> _Required action_
For this exercise, retype the lines from the one that holds "Frullate nel mixer" through the one that holds "Auf diesem Tisch" in the records below, both included, exactly and without pictures.

> _Data to use_
● ● ● ● ● ● ●
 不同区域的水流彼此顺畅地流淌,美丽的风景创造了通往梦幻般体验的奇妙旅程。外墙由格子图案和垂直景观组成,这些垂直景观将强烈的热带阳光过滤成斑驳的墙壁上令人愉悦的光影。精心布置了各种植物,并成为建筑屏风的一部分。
● ● ● ● ● ● ●
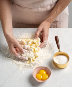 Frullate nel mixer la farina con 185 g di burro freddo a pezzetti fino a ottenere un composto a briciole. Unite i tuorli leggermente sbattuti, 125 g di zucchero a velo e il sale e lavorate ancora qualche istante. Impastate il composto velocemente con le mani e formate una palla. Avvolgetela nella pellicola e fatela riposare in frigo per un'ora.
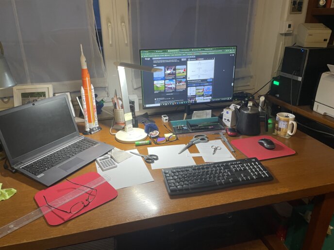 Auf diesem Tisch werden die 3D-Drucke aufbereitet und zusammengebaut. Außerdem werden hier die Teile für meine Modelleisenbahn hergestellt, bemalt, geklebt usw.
● ● ● ● ● ● ●
> _Exercise response_
 Frullate nel mixer la farina con 185 g di burro freddo a pezzetti fino a ottenere un composto a briciole. Unite i tuorli leggermente sbattuti, 125 g di zucchero a velo e il sale e lavorate ancora qualche istante. Impastate il composto velocemente con le mani e formate una palla. Avvolgetela nella pellicola e fatela riposare in frigo per un'ora.
 Auf diesem Tisch werden die 3D-Drucke aufbereitet und zusammengebaut. Außerdem werden hier die Teile für meine Modelleisenbahn hergestellt, bemalt, geklebt usw.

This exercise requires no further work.